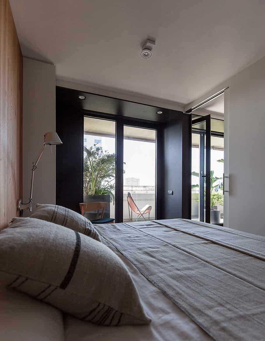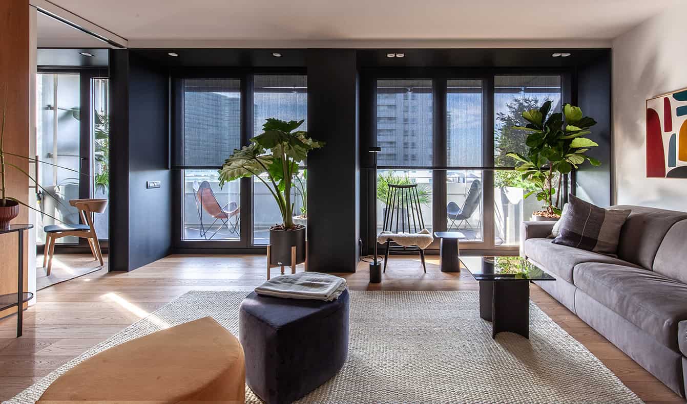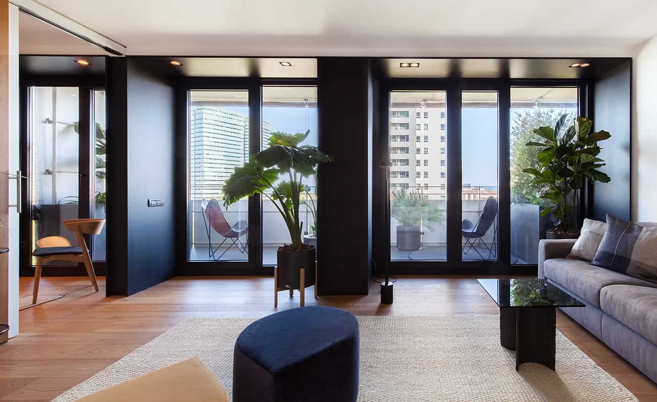Large graphite-framed windows in the living/bedroom zones connect directly to the terrace. The aluminum frame hides motorized blinds and lighting fixtures, and a planter zone softens the transition to outdoors. The terrace is finished in bush-hammered graphite stone and furnished with lounge pieces that echo the interior palette.
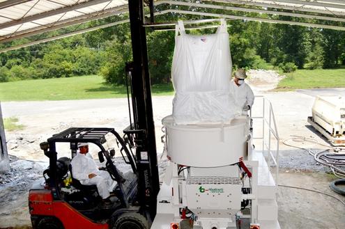 Blastcrete Equipment Company introduces a dust suppression system that limits silica dust exposure in industrial, construction and mining applications. The patent-pending DustAway system consists of an innovative bulk bag design that attaches to a mixer to contain dust as the mixer fills. The bag’s dust ruffle encapsulates airborne particles, helping to control respirable dust. DustAway helps businesses meet new OSHA regulations for crystalline silica dust by controlling dust to within OSHA-permissible exposure limits, or PELs.
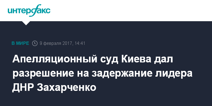 Москва. 9 февраля. INTERFAX.RU - Апелляционный суд г. Киева удовлетворил апелляционную жалобу прокурора на определение суда первой инстанции и разрешил задержание главы самопровозглашенной Донецкой народной республики Александра Захарченко для участия в рассмотрении ходатайства о его аресте.
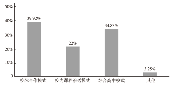 关于普职融合的模式,调查发现,校际合作模式(“两体两翼”模式)是最受推崇的模式(39.92%),其次是综合高中模式(“一体两翼”模式)(34.83%),再次是校内课程渗透模式(“一主一促”模式)(22%)。究其原因,校际合作在实际操作中更为简便,普高与中(高)职学校只需要打通合作通道,各司其职,资源共享,校际共建。综合高中建设则要在现有普高的基础上增加师资、硬件等方面的投入,增加职高课程所必备的教学要素,类似于扩大普高的办学内容,在校内就可做到普高与职高的学生身份互换。校内课程渗透模式,在设计上有一定优势,但这种模式本身就有先天不足,是一种以普高为主、职高为辅的模式,适合于小规模试验性质的普高办学转型探索模式。综上所述,普职合作和综合高中建设是当前普职融合办学的优选模式。
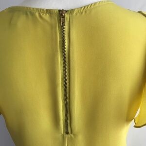 Collective Concepts golden yellow blouse top with butterfly sleeves. It has small pleats down the front and a zipper in back for closure. Gently used...size Xsmall...no flaws noted...see photos for care details.
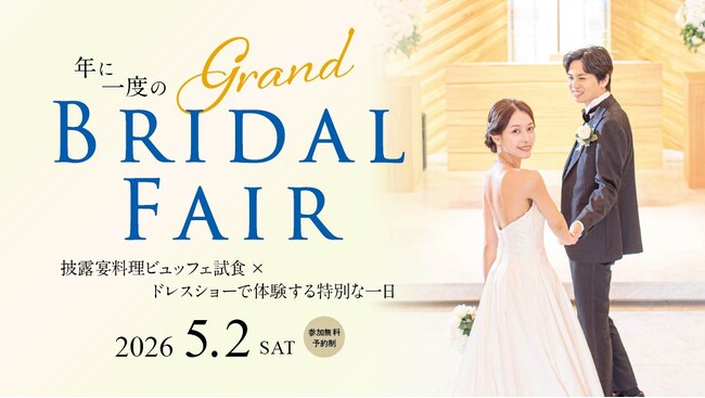 ソラーレ ホテルズ アンド リゾーツ株式会社(所在地:東京都港区、代表取締役社長:井上 理)が運営するロイヤルパインズホテル浦和は、2026年5月2日(土)に、年に一度の大型ウェディングイベント「グランドブライダルフェア」を開催いたします。本フェアでは、結婚式をご検討中のカップルに向けて、当ホテルが誇るウェディングの魅力を一日で体験いただける多彩なコンテンツをご用意しております。

_What to work on:_ In the answer, all of the material should appear exactly as given, with no picture carried over.

_Solution for this problem:_
Large graphite-framed windows in the living/bedroom zones connect directly to the terrace. The aluminum frame hides motorized blinds and lighting fixtures, and a planter zone softens the transition to outdoors. The terrace is finished in bush-hammered graphite stone and furnished with lounge pieces that echo the interior palette.
 Blastcrete Equipment Company introduces a dust suppression system that limits silica dust exposure in industrial, construction and mining applications. The patent-pending DustAway system consists of an innovative bulk bag design that attaches to a mixer to contain dust as the mixer fills. The bag’s dust ruffle encapsulates airborne particles, helping to control respirable dust. DustAway helps businesses meet new OSHA regulations for crystalline silica dust by controlling dust to within OSHA-permissible exposure limits, or PELs.
 Москва. 9 февраля. INTERFAX.RU - Апелляционный суд г. Киева удовлетворил апелляционную жалобу прокурора на определение суда первой инстанции и разрешил задержание главы самопровозглашенной Донецкой народной республики Александра Захарченко для участия в рассмотрении ходатайства о его аресте.
 关于普职融合的模式,调查发现,校际合作模式(“两体两翼”模式)是最受推崇的模式(39.92%),其次是综合高中模式(“一体两翼”模式)(34.83%),再次是校内课程渗透模式(“一主一促”模式)(22%)。究其原因,校际合作在实际操作中更为简便,普高与中(高)职学校只需要打通合作通道,各司其职,资源共享,校际共建。综合高中建设则要在现有普高的基础上增加师资、硬件等方面的投入,增加职高课程所必备的教学要素,类似于扩大普高的办学内容,在校内就可做到普高与职高的学生身份互换。校内课程渗透模式,在设计上有一定优势,但这种模式本身就有先天不足,是一种以普高为主、职高为辅的模式,适合于小规模试验性质的普高办学转型探索模式。综上所述,普职合作和综合高中建设是当前普职融合办学的优选模式。
 Collective Concepts golden yellow blouse top with butterfly sleeves. It has small pleats down the front and a zipper in back for closure. Gently used...size Xsmall...no flaws noted...see photos for care details.
 ソラーレ ホテルズ アンド リゾーツ株式会社(所在地:東京都港区、代表取締役社長:井上 理)が運営するロイヤルパインズホテル浦和は、2026年5月2日(土)に、年に一度の大型ウェディングイベント「グランドブライダルフェア」を開催いたします。本フェアでは、結婚式をご検討中のカップルに向けて、当ホテルが誇るウェディングの魅力を一日で体験いただける多彩なコンテンツをご用意しております。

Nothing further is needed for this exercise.